What Every Extractor Returns

Every extractor returns Array<ExtractedUnit>. An ExtractedUnit is a self-contained snapshot of one code unit with source, metadata, and relationships. See ExtractedUnit Field Reference at the bottom of this doc.


Core Application Extractors

ModelExtractor

What it captures: Every non-abstract ActiveRecord::Base descendant with concrete table-backed state. The source_code is the model's actual Ruby source plus all included concerns inlined below it as formatted comment blocks. Schema information (columns, types, indexes, foreign keys) is prepended as a header comment.

Key details:

  • Uses ActiveRecord::Base.descendants for discovery (runtime introspection, not static parsing)
  • Inlines concerns: all include FooConcern references are resolved and the concern source is appended to source_code. Inlined concern names are recorded in metadata[:inlined_concerns]
  • Extracts all 19 callback types: before_validation, after_validation, before_save, after_save, around_save, before_create, after_create, around_create, before_update, after_update, around_update, before_destroy, after_destroy, around_destroy, after_commit, after_rollback, after_initialize, after_find, after_touch
  • Callback side-effects are analyzed via CallbackAnalyzer: detects columns written (self.col =), jobs enqueued (perform_later), and services called
  • Automatically skips HABTM join models and anonymous classes
  • Chunks every model into semantic sections: :summary, :associations, :callbacks, :validations, :scopes, :methods
  • Runtime-generated method detection: Because extraction runs inside a booted Rails process, instance_methods(false) captures every method Rails generates dynamically — enum predicates (status_active?, status_pending?), association builders (build_profile, create_line_item!), attribute accessors, and dynamically registered scopes.
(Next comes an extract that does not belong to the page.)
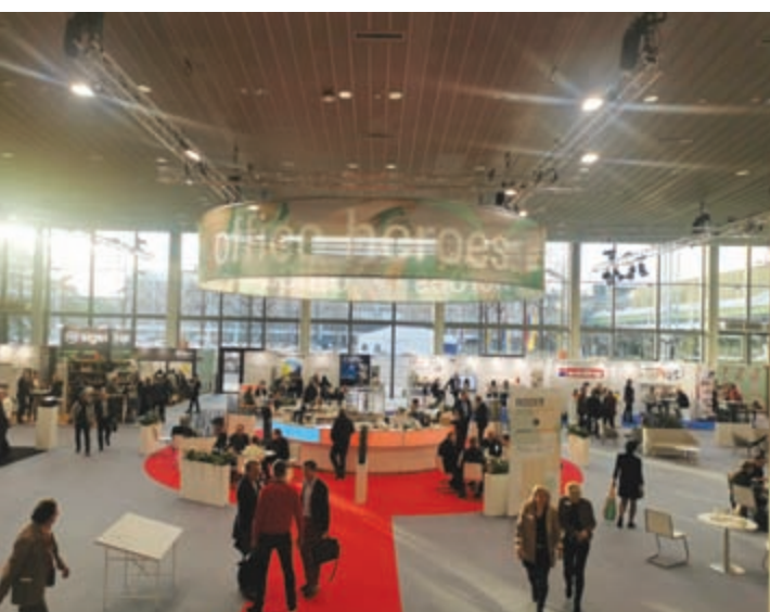
Hala Forum - Office heroes - najznačajniji nemački proizvođači kancelarijskog materijala

Ne znam koliko sam puta do sada bila u Frankfurtu, skoro uvek u isto vreme i sa istim povodom – poseta sajmu; uglavnom – noge same nalaze put.

Static analysis tools cannot see these methods because they only exist after Rails processes the DSL declarations at boot time

Edge cases:

  • STI subclasses are extracted separately from their parent (each has its own identifier)
  • callback.options was removed in Rails 4.2 — the extractor uses @if/@unless ivars and ActionFilter duck-typing to extract :only/:except action lists
  • AR-generated internal methods (like autosave_associated_records_for_comments) are filtered by a single combined regex to avoid noise

Example output (abbreviated):

json
{
  "type": "model",
  "identifier": "Order",
  "file_path": "app/models/order.rb",
  "namespace": null,
  "source_code": "# == Schema Information\n# id :bigint\n# user_id :bigint\n# status :string\n# total_cents :integer\n#\nclass Order < ApplicationRecord\n  belongs_to :user\n  has_many :line_items\n  ...\nend\n\n# ┌───────────────────────────────────────────────────────────────────┐\n# │ Included from: Auditable                                          │\n# └───────────────────────────────────────────────────────────────────┘\n#   module Auditable\n#     ...\n#   end\n# ──────────────────────── End Auditable ────────────────────────────",
  "metadata": {
    "associations": [
      { "type": "belongs_to", "name": "user", "target": "User" },
      { "type": "has_many", "name": "line_items", "target": "LineItem" }
    ],
    "callbacks": [
      { "type": "before_save", "filter": "calculate_total", "kind": "before", "conditions": {},
        "side_effects": { "columns_written": ["total_cents"], "jobs_enqueued": [], "services_called": [], "mailers_triggered": [], "database_reads": [], "operations": [] } },
      { "type": "after_commit", "filter": "send_confirmation_email", "kind": "after", "conditions": {},
        "side_effects": { "columns_written": [], "jobs_enqueued": ["OrderConfirmationJob"], "services_called": [], "mailers_triggered": ["OrderMailer"], "database_reads": [], "operations": [] } }
    ],
    "validations": [
      { "attribute": "status", "type": "inclusion", "options": { "in": ["pending", "paid", "shipped"] }, "conditions": {} }
    ],
    "inlined_concerns": ["Auditable"]
  },
  "dependencies": [
    { "type": "model", "target": "User", "via": "belongs_to" },
    { "type": "model", "target": "LineItem", "via": "has_many" }
  ]
}

ControllerExtractor

What it captures: Every ApplicationController and ActionController::API descendant. Route context is prepended to the source — each controller gets a header block showing which HTTP verb + path maps to each action. Before/after filter chains are resolved per action.

Key details:

  • Discovers controllers via ApplicationController.descendants (and ActionController::API.descendants if present)
  • Builds a routes map from Rails.application.routes at initialization time
  • Route context is inlined in source_code as a comment header, not just in metadata
  • Chunks per-action: each action becomes a :action chunk with its applicable filters and route
  • Metadata includes permitted params (strong parameters), response formats, and applied filters per action

Edge cases:

  • API-only controllers (ActionController::API descendants) are included when the gem is present
  • Controllers with no corresponding routes still get extracted (they may be base classes)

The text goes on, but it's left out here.